Trailrunning

Wie ich Schulsport gehasst habe. Jede Bewegung war eine zu viel. Irgendwann war es selbstverständlich, dass ich nur stehe. Egal, ob Handball, Fußball oder Hockey, das Tor war mein Ort. Unser Familienmotto war stets: Sport ist Mord. Und so ist es auch lange geblieben. Bis die Dunkelheit in mir zu erdrückend war, weshalb ich anfing zu laufen. Weg von meiner Angst und dem Todeswunsch, hin zur gedankenlosen Klarheit. Erst bei vollkommener Erschöpfung fühlte ich mich frei. Auf einmal war da mehr als Schmerz. Leichtigkeit und Stolz waren spürbar. Mein Körper passte sich über die Jahre an. Irgendwann war Joggen zu zeitaufwendig, um an die Limits zu kommen. Da kam das Trailrunning in mein Leben.

Mit Gewalt bergauf.
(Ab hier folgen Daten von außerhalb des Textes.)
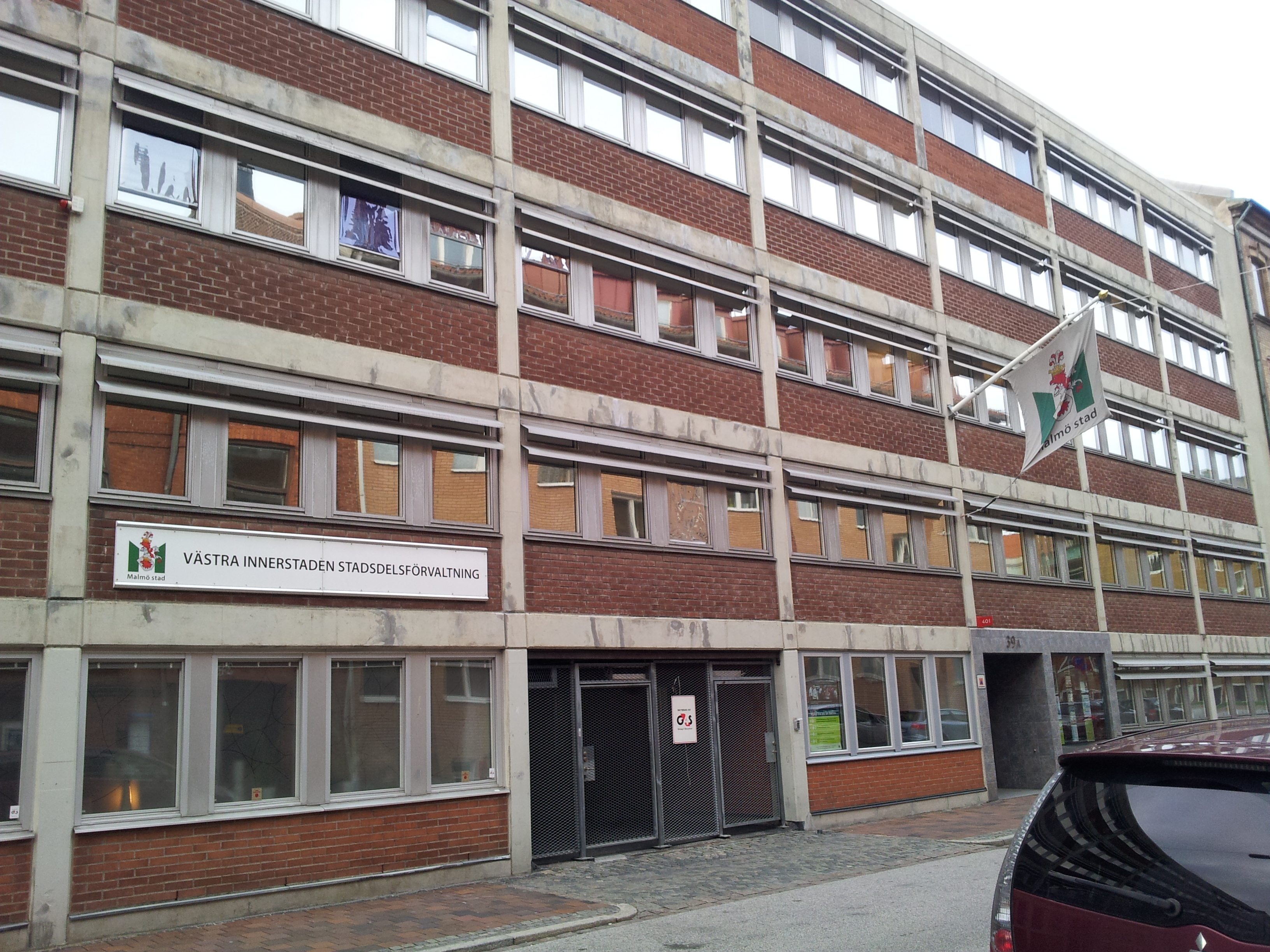 The district of Västra Innerstaden's administrational building in Malmö

Puls konstant auf 190. Am Gipfel kurz vorm Erbrechen. Einen Augenblick die Aussicht wahrnehmen, um anschließend zum Kern des Ganzen zu kommen. Ich fliege über das Geröll bergab. Springe über Wurzeln. Ohne eine Entscheidung treffen zu müssen oder treffen zu können. Da ist keine Zeit zum Denken. Alles geschieht so schnell, dass ich meinen Füßen vertrauen muss. Sie werden ihren Weg finden. Sie haben keine Wahl. Jeder Schritt kann der letzte sein. Nur einmal umknicken und ich falle 21 Meter in die Tiefe. Mein Schädel knackt beim Aufprall auf den Felsen wie eine Walnuss auf. Alles wäre vorbei. Ich wäre erlöst. Das Adrenalin macht mich lebendig. Ich fühle ausnahmsweise mehr als den alltäglichen Druck auf der Brust. Da ist Leichtigkeit. Ja, sogar so etwas wie Glück in mir.
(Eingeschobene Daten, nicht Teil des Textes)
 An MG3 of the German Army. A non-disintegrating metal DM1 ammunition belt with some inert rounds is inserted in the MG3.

Erst in Lebensgefahr fühlt sich das Leben lebenswert an.

Es ist quasi wie beim Motorradfahren. Da sitzt der Tod immer mit auf der Maschine. Im Gegensatz zum Straßenverkehr ist es meine eigene Verantwortung beim Trailrunning. Die Schlinge liegt dauerhaft um meinen Hals, doch nur wenn ich unfokussiert bin und stürze, zieht sie erbarmungslos zu. Falls ich verunglücke, dann, weil ich persönlich einen Fehler gemacht habe. Meinen Füßen nicht vertraue, zögere oder im Kopf bin, dann wars das. Auf dem Motorrad übersieht mich ein Opa und ich breche mir unschuldig das Genick. Das Gefühl ist ähnlich. Zu wissen, dass es jederzeit vorbei sein kann, fühlt sich richtig an, ist wichtig für mich. Ich bin froh, sterblich zu sein, denn nur auf diese Weise funktioniert das Leben für mich. Wozu das alles, wenn keine Gefahr besteht, dass es plötzlich zu Ende ist?

Ich schreibe diesen Text in der Sicherheit meines langweiligen Büros. In Gedanken fiebere ich dem Sonntag entgegen, wenn ich wieder über 1000 Höhenmeter bewältige. Wenn ich meinen Körper spüre. Gedankenlos bin und Richtung Tal fliege. Ich freue mich auf den Moment, wenn ich die Schlinge um den Hals lege. Nicht, dass ich will, dass sie zuzieht, ganz im Gegenteil. Ich will solange wie möglich immer wieder den Rausch der letzten Sekunden erleben. Scheinbar kontrolliert und selbstbestimmt. Nur die Natur kann mich richten.